Anglo American (Botswana) – Production Report for the third quarter ended 30 September 2022

By Published On: October 28th, 2022Categories: Corporate announcement

Duncan Wanblad, Chief Executive of Anglo American, said: “Our performance stepped up 16%(1) quarter-on-quarter amid a challenging operating environment, driven by the ongoing ramp-up of our Steelmaking Coal longwall operations and continued strong performance at De Beers. Our new world-class copper mine in Peru, Quellaveco, continues to ramp-up production with shipments to customers now under way. Production in the third quarter was broadly flat(1) compared to the same period in 2021, as higher production from Quellaveco, Steelmaking Coal and De Beers was offset primarily by expected lower copper ore grades in Chile and some operational challenges at our Kumba iron ore business.

“As we move through the final quarter, we are focused on maintaining this operational momentum to deliver our full year guidance. The continued safe ramp-up of our steelmaking coal operations, as well as further performance improvements at our iron ore businesses, are priorities to set the platform for delivery into next year. We do continue to feel the effects of dislocations in the global economy on our business – in energy and across supply chains and labour markets – and are planning accordingly for 2023, confident in the strategic position of our business.

“We continue to make important progress towards our holistic sustainability commitments. With renewable electricity supply secured for all our South America operations, we have now formed our renewable energy partnership with EDF Renewables in South Africa. Our new jointly owned company, Envusa Energy, is developing its first phase of more than 600 MW of wind and solar projects, a major step towards our vision of a 3-5 GW renewable energy ecosystem in the region by 2030. The issuance of our first sustainability-linked bond, a first of its kind from a major diversified mining company, re-affirms our commitment to our targets to reduce greenhouse gas emissions and fresh water abstraction and to support job creation in the communities where we operate.”

Q3 2022 highlights

  • Rough diamond production increased by 4%, principally reflecting the treatment of higher grade ore at Orapa (Botswana) as well as continued strong performance in Namibia.
  • Steelmaking coal production increased by 28%, reflecting the ongoing ramp-up of the longwall operations. Continuing to do so in a safe and stable way is our first priority.
  • Copper production decreased by 6%, due to planned lower grades at all our operations in Chile, as well as unfavourable ore characteristics at Los Bronces, partly offset by the first production of copper from Quellaveco in Peru.
  • Metal in concentrate production from our Platinum Group Metals (PGMs) operations decreased by 6%, due to the impact of Eskom load-shedding (power outages) primarily in September, infrastructure closures at Amandelbult and lower grade at Mogalakwena.
  • Iron ore production decreased by 5% primarily due to Kumba, which was impacted by the slow ramp-up after the safety intervention in the second quarter and Eskom load-shedding, primarily in September, while production at Minas- Rio was flat.
  • Nickel production decreased by 4%, primarily due to lower grades.

De Beers

Rough diamond production increased by 4% to 9.6 million carats, primarily due to the treatment of higher grade ore at both Orapa (Botswana) and in South Africa, and continued strong performance in Namibia.
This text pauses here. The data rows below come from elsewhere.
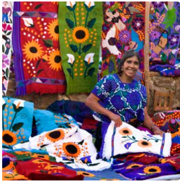
Local artisan and traditional crafts
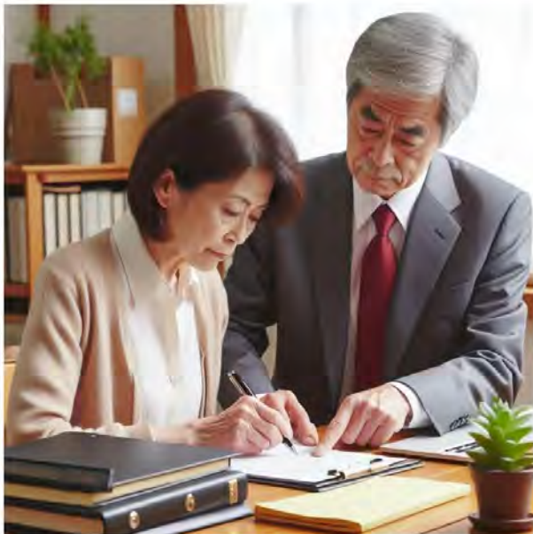
signed and sealed by the
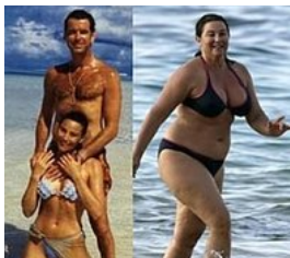
14 Celebs Who Are Aging Horribly Slick Americans
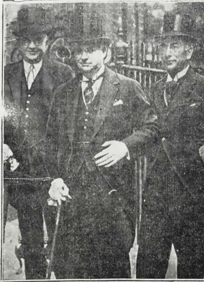
The Canadian delegates to the World Economic Conference and Canada's high commissioner to Great Britain called upon the prime minister at No. 10 Downing st. the other day. Hon. G. Howard Ferguson, Rt. Hon. Richard Bedford Bennett and Hon. Edgar N. Rhodes are shown in the above picture.

The Oil for the People. —Many oils have come and gone, but Dr. Thomas' Electric Oil continues to maintain its position and increase its sphere of usefulness each year. Its sterling qualities have brought it to the front and kept it there, and it can truly be called the oil of the people. Thousands have benefited by it and would use no other preparation.
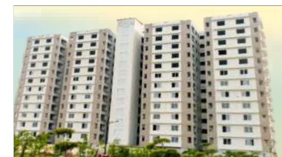
GREENS 1, 2 & 3 BHK APARTMENTS Naubasta Kala, Deva Road, Lucknow
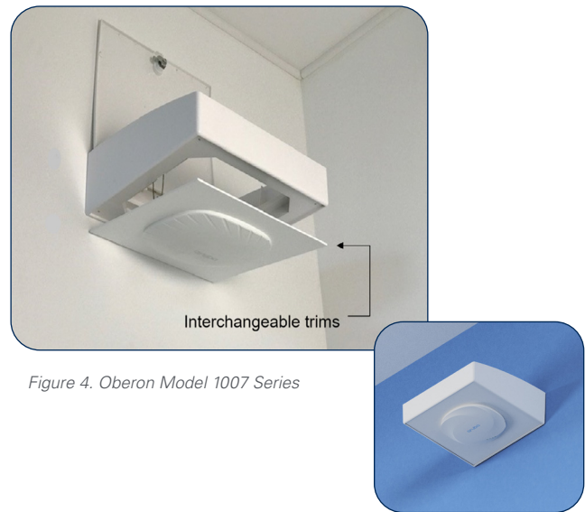
Figure 4. Oberon Model 1007 Series

But what about ensuring network coverage in other indoor spaces (like laboratories or gymnasiums) and outdoors? Beyond the classroom, particularly in higher education and on college campuses, it has become just as important to provide ubiquitous network infrastructure in places like parking garages, outdoor courtyards and common areas, as well as sports venues and stadiums where thousands of people congregate throughout the school year.
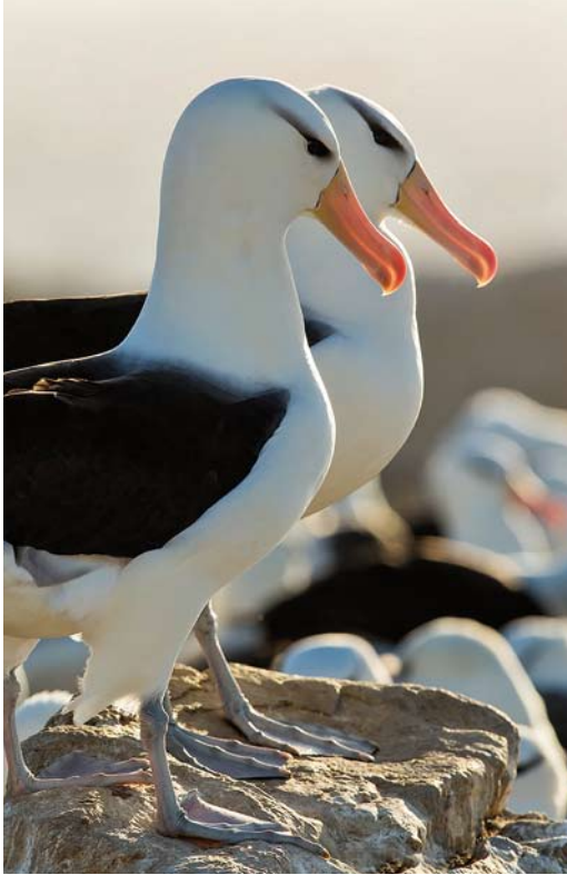
402 Black-browed Albatrosses / Wenkbrauwalbatrossen Thalassarche melanophris , Steeple Jason, Falkland Islands, 14 December 2014

Island (representing c 5% of the albatross population of the islands), where IS has carried out surveys since 1977. I met IS in 1979 on New Island; he is a keen birder and eager conversationalist, and landowner at that time. Figures clearly show that, between 1977 and 2007, the Black-browed population had increased by c 100% at a main breeding site on New Island known as Settlement Rookery. The same basic methodology of aerial photography surveys has continued up to 2010 for many sites in the Falkland Islands. These surveys thus show a very substantial increase of 43% for the eight most important breeding sites between 1986 and 2007, in contrast with reports of a decline in other studies. Steeple Jason's colony was
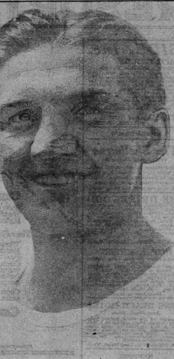
GEORGES CARPENTIER.

Jack Dempsey evidently believes that "Life is real; life is earnest and the grave is not the end"—if one is to judge from his pictures. Georges Carpentier takes it with a laugh and a song and a smile when he isn't fighting. But they do say he looks like "gray ice" when he's really in the ring for business.
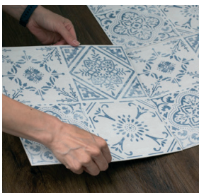
Butt join the tiles and stick to the floor
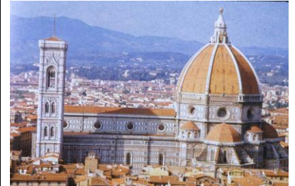
Brunelleschi’s dome atop Santa Maria del Fiore
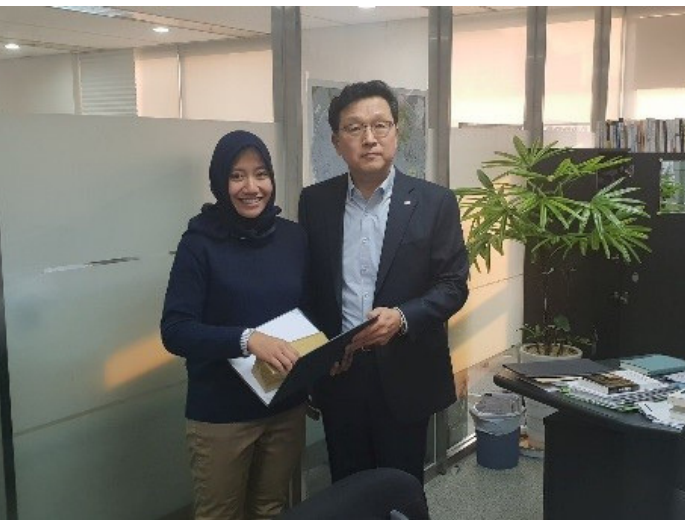
<Hanmi global Internship>
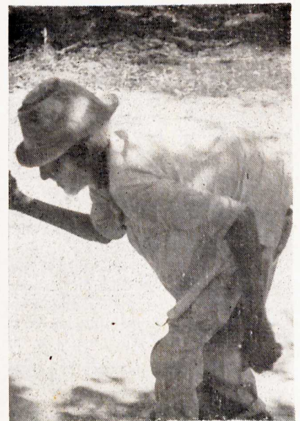
Walking About at 118 Years

In every field we have faithful laymen who are seeking the salvation of those about them. It was through the

In Botswana, production increased by 4% to 6.6 million carats, primarily driven by treatment of higher grade ore at Orapa, partly offset by processing lower grade ore at Jwaneng.

Namibia production increased by 33% to 0.5 million carats, primarily driven by continued strong performance from the Benguela Gem vessel.

South Africa production increased by 5% to 1.7 million carats, driven by the treatment of higher grade ore and the benefit of plant upgrades.

Production in Canada decreased by 7% to 0.7 million carats, due to the treatment of lower grade ore and the impact of tight labour markets.

Demand for rough diamonds remained steady, with rough diamond sales totalling 9.1 million carats (8.5 million carats on a consolidated basis)(2) from three Sights, compared with 7.8 million carats (7.0 million carats on a consolidated basis)(2) from two Sights in Q3 2021 and 9.4 million carats (8.3 million carats on a consolidated basis)(2) from three Sights in Q2 2022. While consumer demand for natural diamonds continues to be robust, a deterioration of global economic conditions, reduced consumer spending and continued Chinese Covid-19 lockdowns have the potential to impact demand for diamond jewellery.

2022 Guidance

Production guidance(1) for 2022 is unchanged at 32–34 million carats (100% basis), subject to trading conditions and the extent of further Covid-19 related disruptions.
In line with normal seasonal trends, we anticipate that sales in the final quarter of the year will be affected by the normal temporary closure of cutting and polishing factories for the religious holidays in India.

Unit cost guidance for 2022 is unchanged at c.$65/ct.